- TASK REQUIREMENTS:
Please set down the data word for word; images do not go in the copy.

***** DATA TO EXAMINE *****

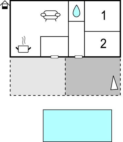 Badezimmer (nr. 2) - WC. Warmes und kaltes Wasser. Dusche
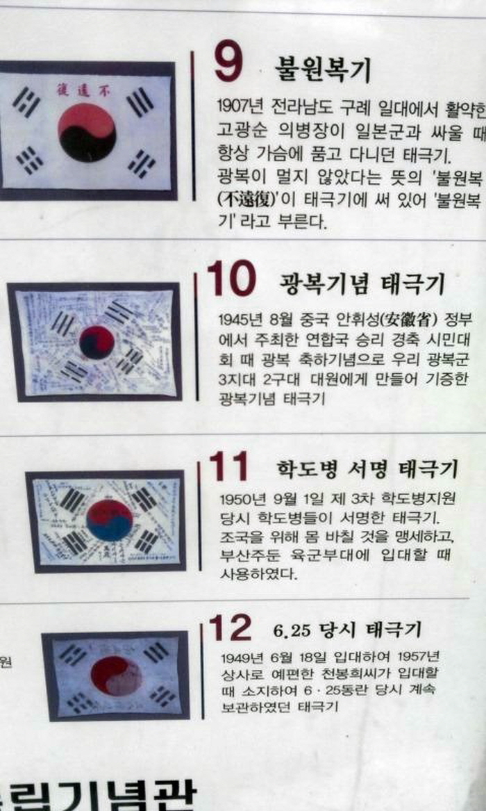 저는 아이들과 독립기념관을 종종 찾는데요. 독립기념관 앞에 태극기 동산이 있고, 근대 역사 속의 여러 모양의 태극기 안내가 있어요. 예전에 방문했을 때 찍은 것 중 하나를 올려요. ![]() 독립군들이 전쟁 중 항상 가슴에 품고 다녔던 태극기. 태극기는 단순한 그림이 아니었습니다.
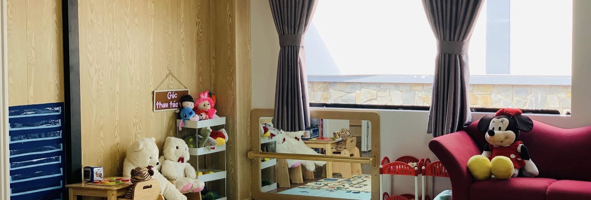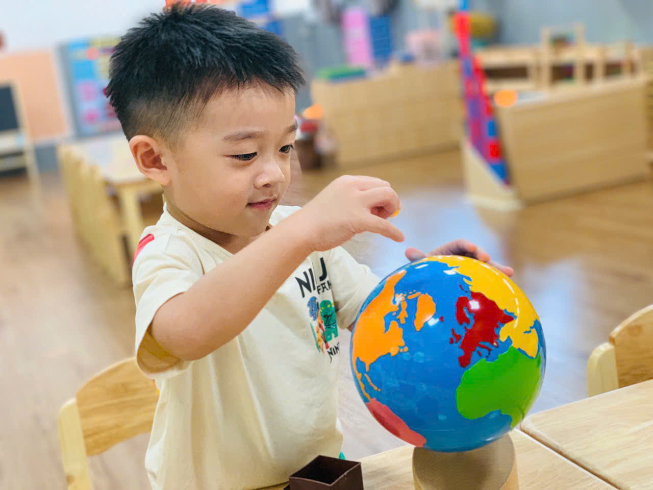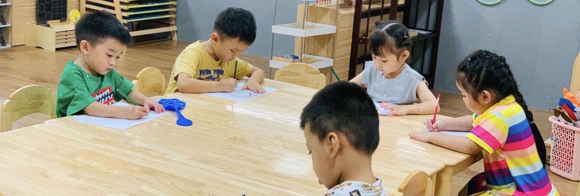Mỗi khu vực lớp học được bố trí đầy đủ học cụ Montessori đạt chuẩn, sắp xếp khoa học theo nguyên tắc “trật tự – thẩm mỹ – dễ tiếp cận”. Ánh sáng tự nhiên và màu sắc nhẹ nhàng tạo điều kiện cho trẻ dễ dàng tập trung, đồng thời khơi gợi sự tò mò và tinh thần tự lập trong từng hoạt động hàng ngày.
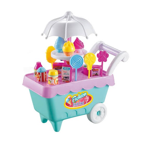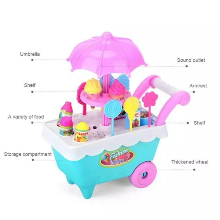 PROMO FI503 Mainan Anak Gerobak Es Krim Permen Keranjang Bonus 2 Kuda Pony Anak-anak DIY Play Set Makanan Penutup
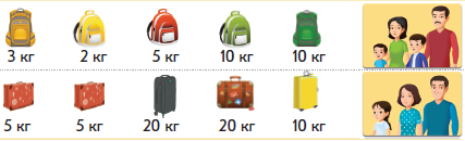 (П) Работа в парах. Вычисли массу багажа каждой семьи. Сравни.
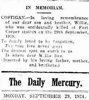 He died as a result of a tragic horse riding accident at Ford Cooper Station in Mackay on 30/09/1919.
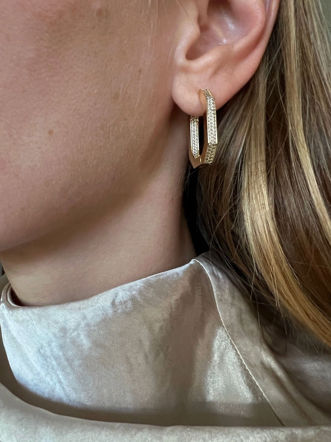 Sharp lines, strong angles—these octagonal hoops are made to stand out. Crafted in 14K gold plate and inlaid with clear CZs for a refined edge, they’re ultra-light and effortless for everyday wear. A bold, modern statement that catches the light and commands attention.

*****

- ANSWER SPACE:
 Badezimmer (nr. 2) - WC. Warmes und kaltes Wasser. Dusche
 저는 아이들과 독립기념관을 종종 찾는데요. 독립기념관 앞에 태극기 동산이 있고, 근대 역사 속의 여러 모양의 태극기 안내가 있어요. 예전에 방문했을 때 찍은 것 중 하나를 올려요. ![]() 독립군들이 전쟁 중 항상 가슴에 품고 다녔던 태극기. 태극기는 단순한 그림이 아니었습니다.
Mỗi khu vực lớp học được bố trí đầy đủ học cụ Montessori đạt chuẩn, sắp xếp khoa học theo nguyên tắc “trật tự – thẩm mỹ – dễ tiếp cận”. Ánh sáng tự nhiên và màu sắc nhẹ nhàng tạo điều kiện cho trẻ dễ dàng tập trung, đồng thời khơi gợi sự tò mò và tinh thần tự lập trong từng hoạt động hàng ngày.
 PROMO FI503 Mainan Anak Gerobak Es Krim Permen Keranjang Bonus 2 Kuda Pony Anak-anak DIY Play Set Makanan Penutup
 (П) Работа в парах. Вычисли массу багажа каждой семьи. Сравни.
 He died as a result of a tragic horse riding accident at Ford Cooper Station in Mackay on 30/09/1919.
 Sharp lines, strong angles—these octagonal hoops are made to stand out. Crafted in 14K gold plate and inlaid with clear CZs for a refined edge, they’re ultra-light and effortless for everyday wear. A bold, modern statement that catches the light and commands attention.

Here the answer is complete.